I think the best toilet is one that gives you an option. It would be nice to be able to choose between a gentle, quiet flush or a power flush, depending on how much waste you needed to move through the toilet.


@healthy4life – I hate those public restroom toilets! Even though I've learned to expect a loud noise whenever I flush, I still jump when I hear it.

The sound just blasts my eardrums. What's worse is when I'm not expecting it. You know how some toilets just sense when you are done and flush automatically? Well, sometimes I'm still sitting on the toilet when this happens, and I don't appreciate getting sprayed with drops of water!


Department store restrooms have the best power flush toilets. I believe they could flush just about anything you might put in the toilet!

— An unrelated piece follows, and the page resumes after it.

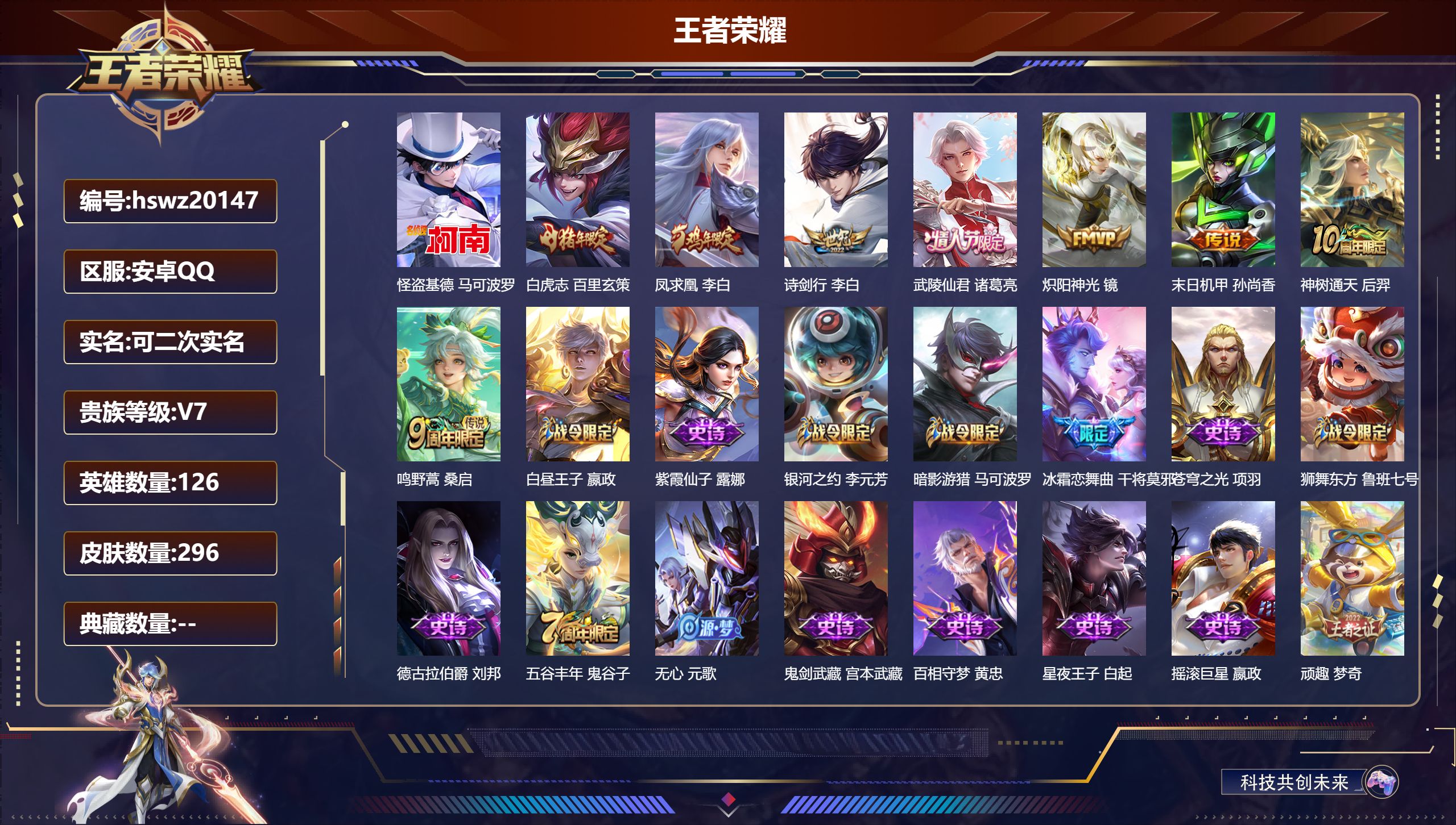 PX_2311954-Q/至尊星耀/296皮肤/126英雄/0典藏/0珍品无双/0无双/1珍品传说/8传说/83史诗/8稀有英雄 【1,珍品传说】怪盗基德,马可波罗, 【8,传说皮肤】白虎志,百里玄策,凤求凰,李白,诗剑行,李白,武陵仙君,诸葛亮,炽阳神光,镜,末日机甲,孙尚香,神树通天,后羿,鸣野蒿,桑启, 【83,史诗皮肤】白昼王子,嬴政,紫霞仙子,露娜,银河之约,李元芳,暗影游猎,马可波罗,冰霜恋舞曲,干将莫邪,苍穹之光,项羽,狮舞东方,鲁班七号,德古拉伯爵,刘邦,五谷丰年,鬼谷子,无心,元歌,鬼剑武藏,宫本武藏,百相守梦,黄忠,星夜王子,白起,摇滚巨星,嬴政,顽趣,梦奇,冰锋战神,关羽,修罗,橘右京,拒霜思,嫦娥,荣光圣徽,蒙恬,女仆咖啡,妲己,星界游侠,暃,晚萤,娜可露露,繁星吟游,蔡文姬,鹰眼统帅,狄仁杰,白晶晶,芈月,大圣娶亲,孙悟空,飞衡,韩信,李小龙,裴擒虎,纤云弄巧,云中君,驯魔猎人,兰陵王,如梦令,后羿,金属风暴,墨子,逐梦之影,韩信,特工魅影,百里守约,猫狗日记,孙策,原初追逐者,百里玄策,逐浪之夏,李元芳,奇幻香踪,扁鹊,未来纪元,赵云,朱雀志,百里守约,黎明之约,雅典娜,石田雨龙,后羿,优雅恋人,嬴政,魔术师,狄仁杰,龙之律动,狂铁,神威,马超,皇家上将,赵云,至尊宝,孙悟空,功夫厨神,程咬金,梁祝,上官婉儿,电玩·爆裂旋风,刘禅,圣诞恋歌,貂蝉,云间偶戏,元歌,水晶猎龙者,花木兰,破空之剑,亚连,怒海争锋,黄忠,圣诞狂欢,吕布,魅语,不知火舞,天狼绘梦者,上官婉儿,白龙吟,韩信,星界战将,牛魔,地狱岩魂,廉颇,茶境仙,孙膑,冰雪圆舞曲,甄姬,青蛇,小乔,默契交锋,花木兰,千年之狐,李白,节奏热浪,阿轲,超时空战士,钟无艳,曙光守护者,铠,万灵启世,女娲,心灵骇客,安琪拉,箭羽风息,伽罗,乱世虎臣,张飞,蓝屏警告,典韦,天狼狩猎者,裴擒虎,时之恋人,孙尚香,水果甜心,孙尚香,狂想玩偶喵,蒙犽,化蝶舞,阿轲,幽灵船长,曹操,乘风破浪,夏侯惇,暗隐猎兽者,兰陵王, 【133,勇者皮肤】时空谍影,海诺,圆桌骑士,盾山,烛龙,曹操,爱心护理,阿轲,缤纷绘卷,张良,纽约教父,刘备,拳王,达摩,大发明家,达摩,丁香结,小乔,功夫炙烤,廉颇,沉稳之力,孙尚香,海盐诗旅,桑启,幻泉雾影,海月,朔风刀,夏侯惇,醍醐杖,老夫子,朔望之晖,女娲,归虚梦演,孙膑,汉昭烈帝,刘备,白色死神,白起,黑桃队长,鲁班七号,黄金武士,典韦,落雪兰心,甄姬,御旌,牛魔,阴阳师,狄仁杰,炼金王,扁鹊,致命风华,阿轲,次元突破,哪吒,古海寻踪,张良,科学大爆炸,项羽,功夫老勺,老夫子,西部大镖客,牛魔,鲨炮海盗猫,沈梦溪,虎啸剑宗,刘邦,海滩派对,项羽,完美运算,后羿,万华元夜,狄仁杰,无尽征程,廉颇,演武夺筹,程咬金,红桃皇后,芈月,奇妙博物学,庄周,西部游侠,莱西奥,猎兽之王,吕布,野性能量,吕布,哥特玫瑰,露娜,守护之力,大乔,无双福将,程咬金,瓷语鉴心,露娜,原初探秘者,鬼谷子,星空之诺,沈梦溪,潮玩探月行,猪八戒,天穹祈灯,鬼谷子,疑决卦,明世隐,化身博士,扁鹊,潮玩骑士王,亚瑟,阿尔法小队,后羿,五福同心,张飞,次元傲视,杨戬,幻乐之宴,鬼谷子,东方不败,武则天,霸王丸,宫本武藏,虹云星官,明世隐,救世之瞳,扁鹊,潮玩骑兵,杨戬,赤莲之焰,周瑜,敏锐之力,李白,破局者,亚连,幽兰居士,张良,玩偶对对碰,安琪拉,掌控之力,诸葛亮,海滩丽影,钟无艳,忍·炎影,赵云,狰,白起,重明,芈月,炽热元素使,姜子牙,坚韧之力,苏烈,万事如意,刘备,擒涛扼浪,裴擒虎,乓乓大师,鲁班大师,死亡摇滚,高渐离,妖精王,孙膑,探海日志,鲁班大师,天使之翼,孙膑,雾都夜雨,干将莫邪,兔女郎,花木兰,龙腾万里,关羽,未来纪元,宫本武藏,花好人间,甄姬,万象初新,宫本武藏,潮玩造梦师,刘备,御銮,盾山,单词大作战,雅典娜,时尚教父,姜子牙,秘密基地,刘禅,穷奇,典韦,教廷特使,韩信,街头霸王,韩信,云中旅人,李元芳,妄想特派,李元芳,西部大镖客,孙悟空,凯尔特女王,虞姬,进击墨子号,墨子,少女阿狸,妲己,混沌棋,弈星,御霄,米莱狄,蔚蓝守将,蒙恬,春野闲踪,苏烈,布丁狗之约,阿古朵,暖冬·兔眠,嫦娥,幻想奇妙夜,王昭君,神迹守卫,钟馗,命运角斗场,狂铁,死霸装,白起,御狮,狂铁,白执事,赵云,饕餮,太乙真人,华丽摇滚,太乙真人,劲辣红锅,太乙真人,神迹守卫,孙悟空,剑破天穹,刘邦,铁骨偃魂,典韦,熔金海岸,周瑜,苍林狼骑,苍,天穹之誓,姜子牙,魅影绮裳,影,访茗客,马超,星梦巡礼,姜子牙,谧流熔炉,太乙真人,暗都幽影,大司命,鹤鸣心笺,艾琳,噬灭天穹,东皇太一,敬我三分,盘古,玫蓝誓约,戈娅,景韶洛都,明世隐, 【71,其他皮肤】伊势巫女,大乔,金属狂潮,高渐离,前尘,金蝉,圣殿之光,刘邦,芝加哥教父,黄忠,潮流仙人,老夫子,极冰防御线,盾山,龙域领主,铠,生化警戒,钟无艳,死神来了,曹操,超能战警,曹操,花见巫女,伽罗,爱与和平,苏烈,第七人偶,干将莫邪,灼热之刃,李信,熊喵少女,阿古朵,海之征途,孙策,木偶奇遇记,鲁班七号,福禄兄弟,鲁班七号,帝国元帅,项羽,精灵王,后羿,绯红之刃,露娜,冰刃幻境,镜,碧珀绯影,暃,海军大将,周瑜,星航指挥官,诸葛亮,魇语军师,司马懿,英喵野望,刘禅,午夜歌剧院,元歌,启蛰,司空震,隐刃,兰陵王,霓裳曲,杨玉环,花间舞,公孙离,异域舞娘,貂蝉,街头旋风,裴擒虎,归虚梦演,鲁班大师,东海龙王,东皇太一,修竹墨客,上官婉儿,剑舞者,花木兰,范海辛,李白,维京掠夺者,苍,占星师,明世隐,归虚梦演,蒙犽,激情绿茵,马可波罗,埃及法老,杨戬,归虚梦演,西施,阿摩司公爵,鬼谷子,年年有余,猪八戒,锦衣卫,狄仁杰,一千零一
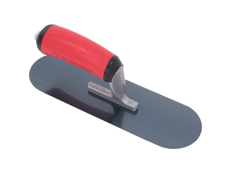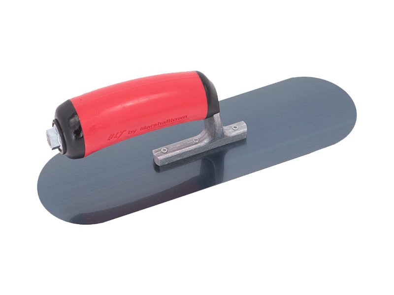 Die vollabgerundete Glättkelle von Marshalltown QLT: Robustes Blaustahlblatt, keine Furchen oder Rillen, sicherer Softgrip Griff. Maße: 254×76 mm. 3 sichtbare Nieten.

Even if I've already stood up when the toilet has flushed, I can feel the air moving as the pressure shoots forth. It's like a little cool breeze in the stall.

I think it's great that most public restrooms have this type of toilet. I'm sure it cuts down on the number of times someone has to unclog the system. I suppose if someone put an entire roll of paper in there, it might get clogged, but I don't think that several sheets of paper are going to stop it up.


I wish we had a power flush toilet system at work. I work in an old building that only has two restrooms, and both of the toilets flush slowly and usually require multiple flushes.

Also, they get clogged all the time. It doesn't take much toilet paper to stop one of these toilets up.